Flowery Branch may scrap the budget-busting bids on a long-awaited sewer plant expansion project and pursue a new option that would involve a redesign.
City Manager Tonya Parrish is proposing an option to hire a “construction manager at risk,” or a contractor who would “work very closely with the city and the city’s engineer” in a new design and construction of the project.
Cost estimates “will be given during the design phase, and the contractor will provide a guaranteed maximum price” when the project is 80% designed, according to a city document.
That price “represents a cost threshold that the construction manager is contractually bound to honor,” according to Indeed, an online jobs site. “Should the project exceed this threshold, the construction manager, not the owner, is financially liable — hence the ‘at risk’ component of (the job title).”
The option is set to be presented to Flowery Branch City Council at its meeting at 6 p.m.
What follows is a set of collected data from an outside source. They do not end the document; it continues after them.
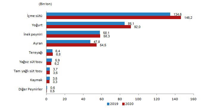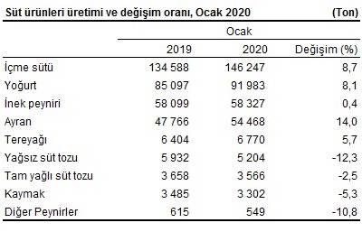 Ocak ayında bir önceki yılın aynı ayına göre ayran üretimi yüzde 14 artışla 54 bin 468 tona, tereyağı üretimi yüzde 5.7 artarak 6 bin 770 tona, inek peyniri üretimi yüzde 0.4 artarak 58 bin 327 tona yükseldi.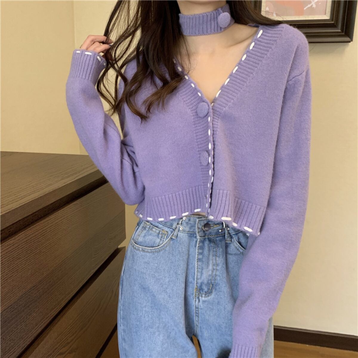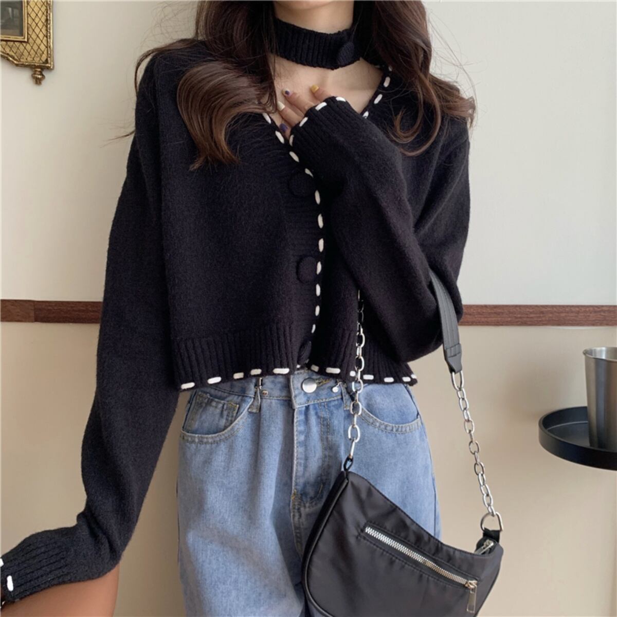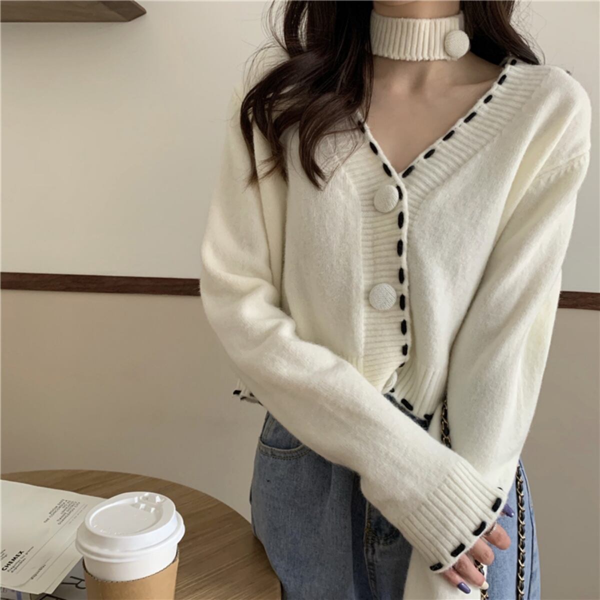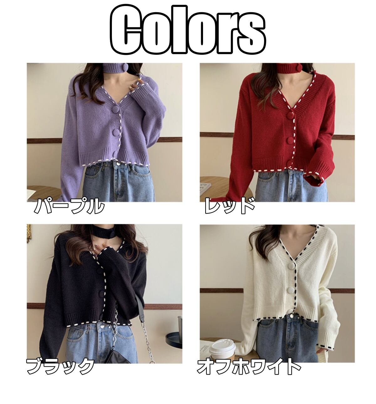 ショート丈 ニッ カーディガン ステッチ配色 レディース セーター Vネック トップス 韓国ファッシ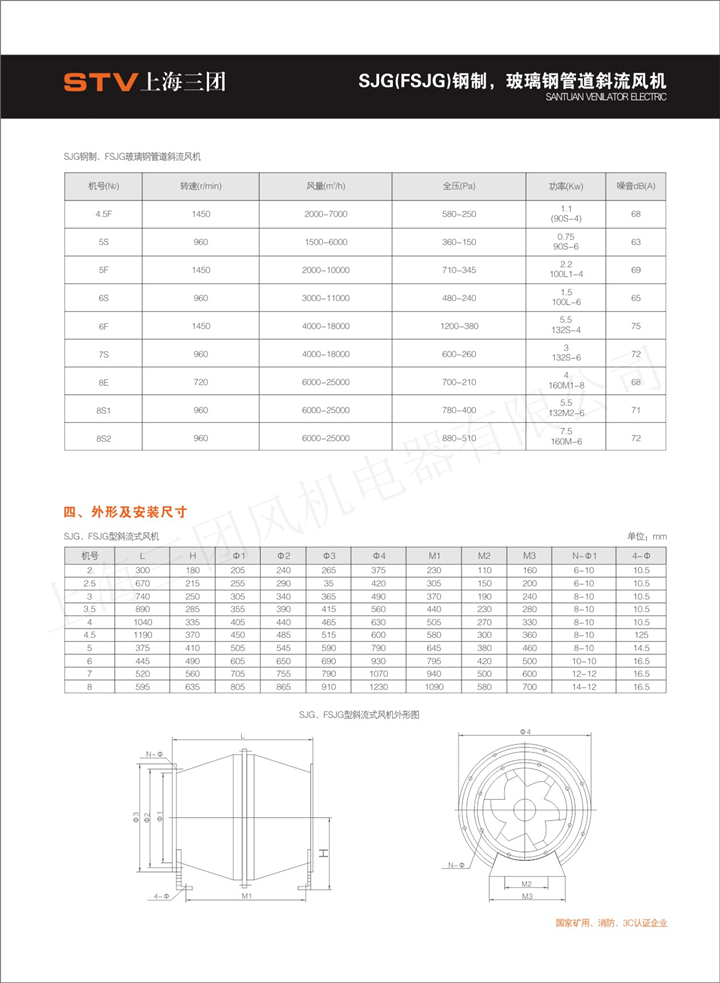 SJG、FSJG系列斜流式风按叶轮直径分为200-800mm十几种规格、十几个机号,风量由200~2500m3/h。 全压由50~1200Pa;具体工况数据请査看风机性能参数表

Thursday, Dec. 15.
Flowery Branch has been working since August to try to figure out next steps after learning that the lowest bid for the project was $52 million. The city, with a $23.3 budget, has a huge funding gap.
“I was floored,” Mayor Ed Asbridge said at the time.
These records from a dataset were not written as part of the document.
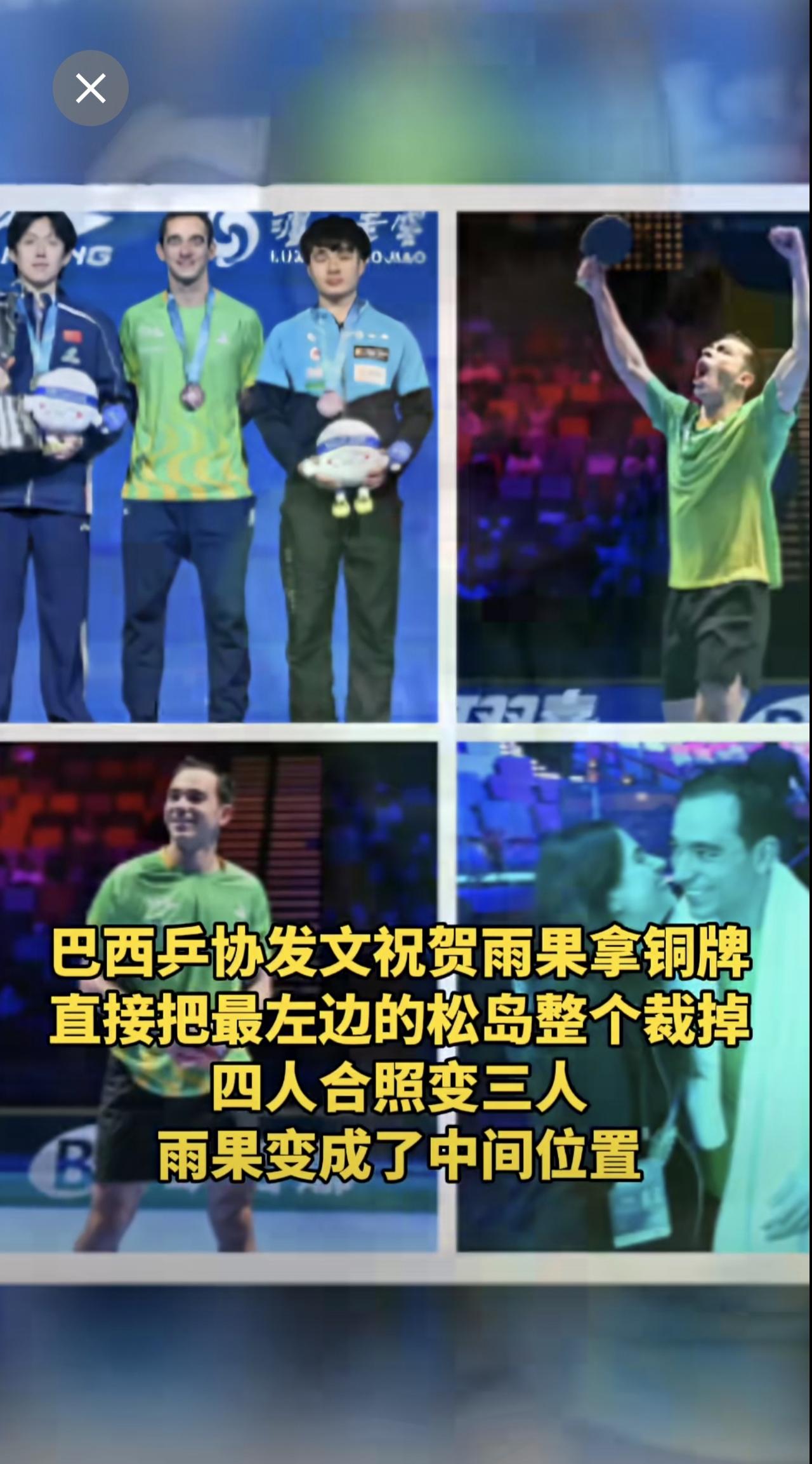巴西乒协发合照直接裁掉银牌得主松岛辉空 合照中铜牌选手雨果稳居C位 无论如何!冠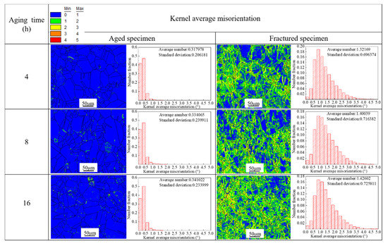 KAM of the alloy measured for the aged specimens and fractured specimens at different aging times.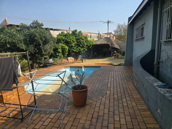 Main house offers a lovely big kitchen, lounge, dining room, tv room and an office with another 3 bedrooms with 2 bathrooms - on suite bathroom and loads of cupboard space. There is a double garage with a flat upstairs (full flatlet), 1 bedroom, lounge, kitchen and bathroom - very neat!! GOOD RENTAL INCOME!!! Pool is not in working condition. Come make this lady yours. Close to Castleview shopping centre. A little TLC and she will be good to you and your family. Good security.

The council directed city officials in August to stop accepting sewer applications until the future becomes clearer. “We have to slow this train, to be able to take a breath for a moment and get this figured out,” Parrish said.
Flowery Branch is growing fast, with development taking place across the city. The council has been served a steady diet of projects to consider in recent years, including large residential ones.
“For the most part, over the last two to three years, most of the (residential) growth has been high-density,” Trey Gavin, an engineer working with the city on the sewer project, told the council in August. “We’re seeing a lot of townhomes built, we’re seeing a lot of apartment complexes, and this puts more of a strain on our wastewater system.”
As for the higher project costs, he said, “We are seeing increases in costs for all materials and all equipment. Labor increases are staggering.”
Flowery Branch City Council
What: Possible vote on future of Flowery Branch sewer plant expansion project
When: 6 p.m. Thursday, Dec. 15
Where: Flowery Branch City Hall, 5410 W. Pine St.